§ **Required work**
Once you reach the line with "Jadeite Bead Inlaid" in the material below, copy each line exactly up to and including the line with "In an attempt", and skip the pictures.

--- Information provided Enclosed Below ---

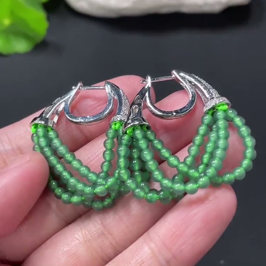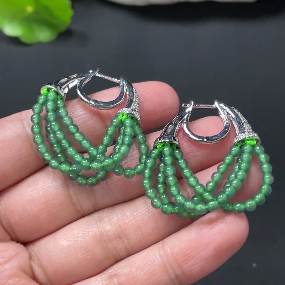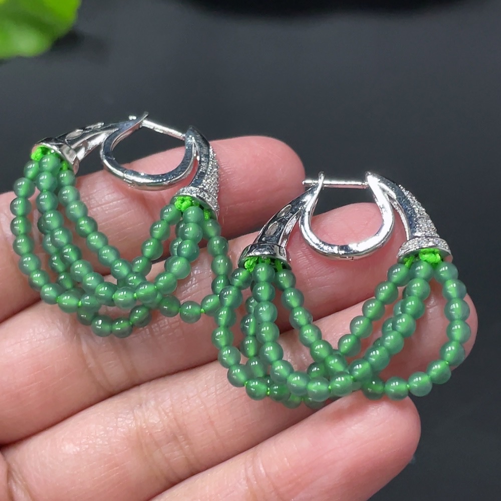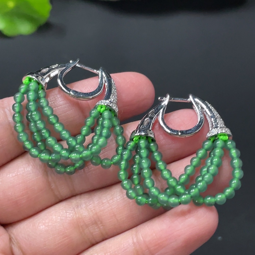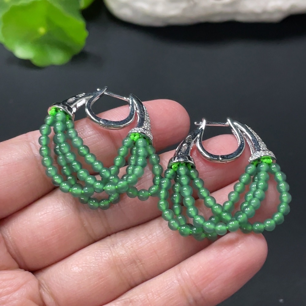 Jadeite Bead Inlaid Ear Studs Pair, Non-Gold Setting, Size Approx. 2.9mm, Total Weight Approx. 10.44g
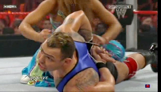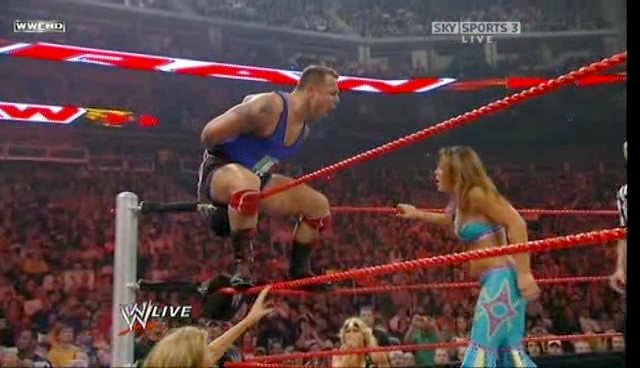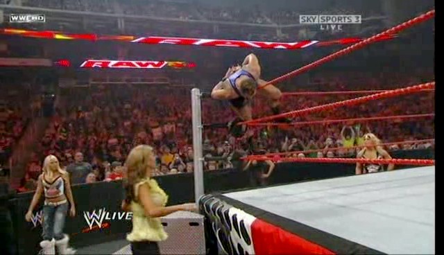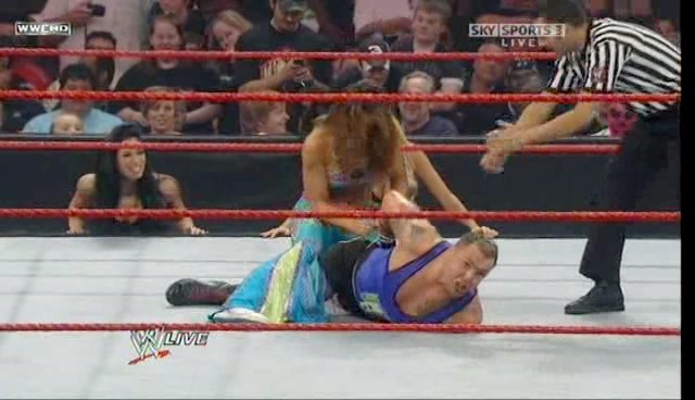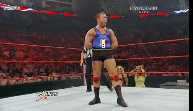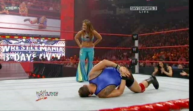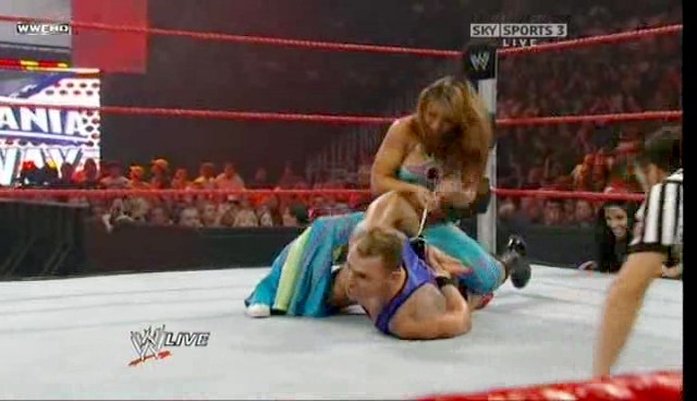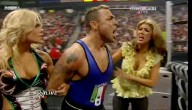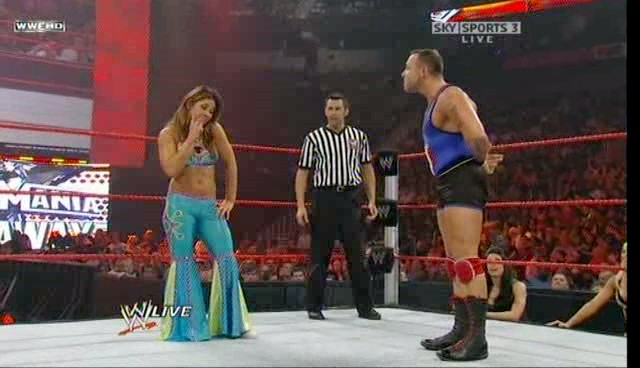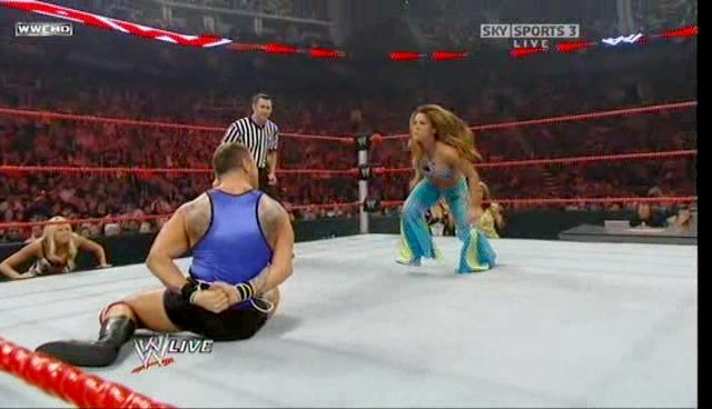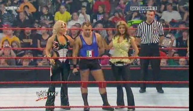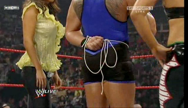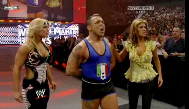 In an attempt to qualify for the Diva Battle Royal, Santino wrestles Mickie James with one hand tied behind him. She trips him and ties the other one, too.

--- End of Enclosed Information provided ---
--- Information provided Enclosed Below ---

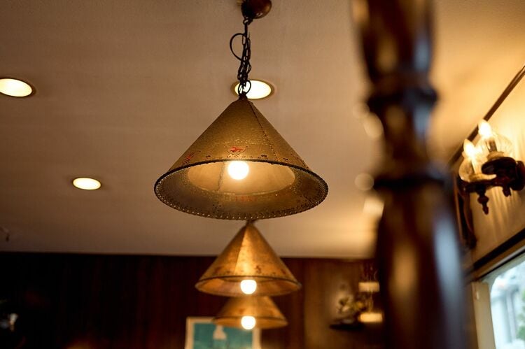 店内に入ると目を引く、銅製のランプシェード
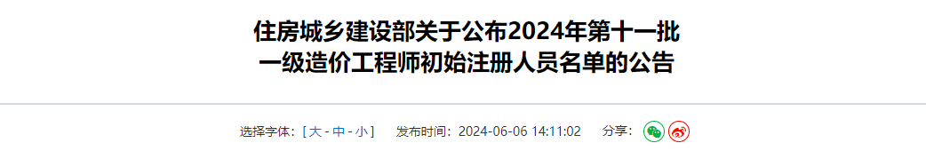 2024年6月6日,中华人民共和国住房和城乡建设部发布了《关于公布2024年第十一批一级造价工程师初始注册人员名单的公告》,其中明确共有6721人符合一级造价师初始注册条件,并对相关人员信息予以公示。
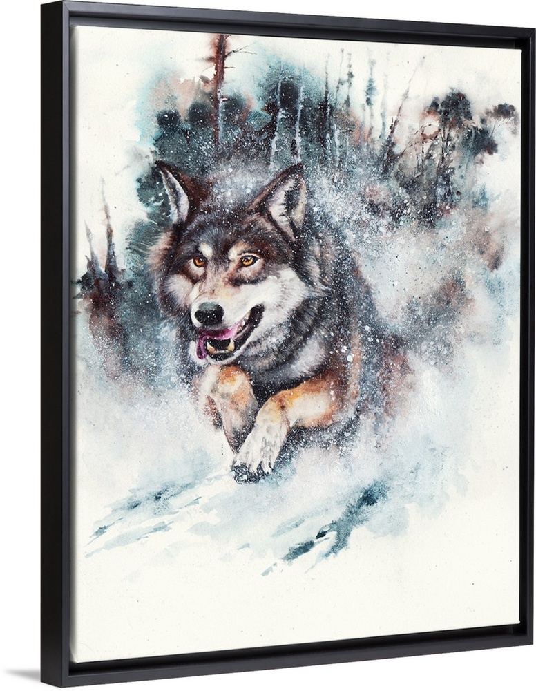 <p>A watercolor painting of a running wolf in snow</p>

--- End of Enclosed Information provided ---

§ **Finished task**
 Jadeite Bead Inlaid Ear Studs Pair, Non-Gold Setting, Size Approx. 2.9mm, Total Weight Approx. 10.44g
 In an attempt to qualify for the Diva Battle Royal, Santino wrestles Mickie James with one hand tied behind him. She trips him and ties the other one, too.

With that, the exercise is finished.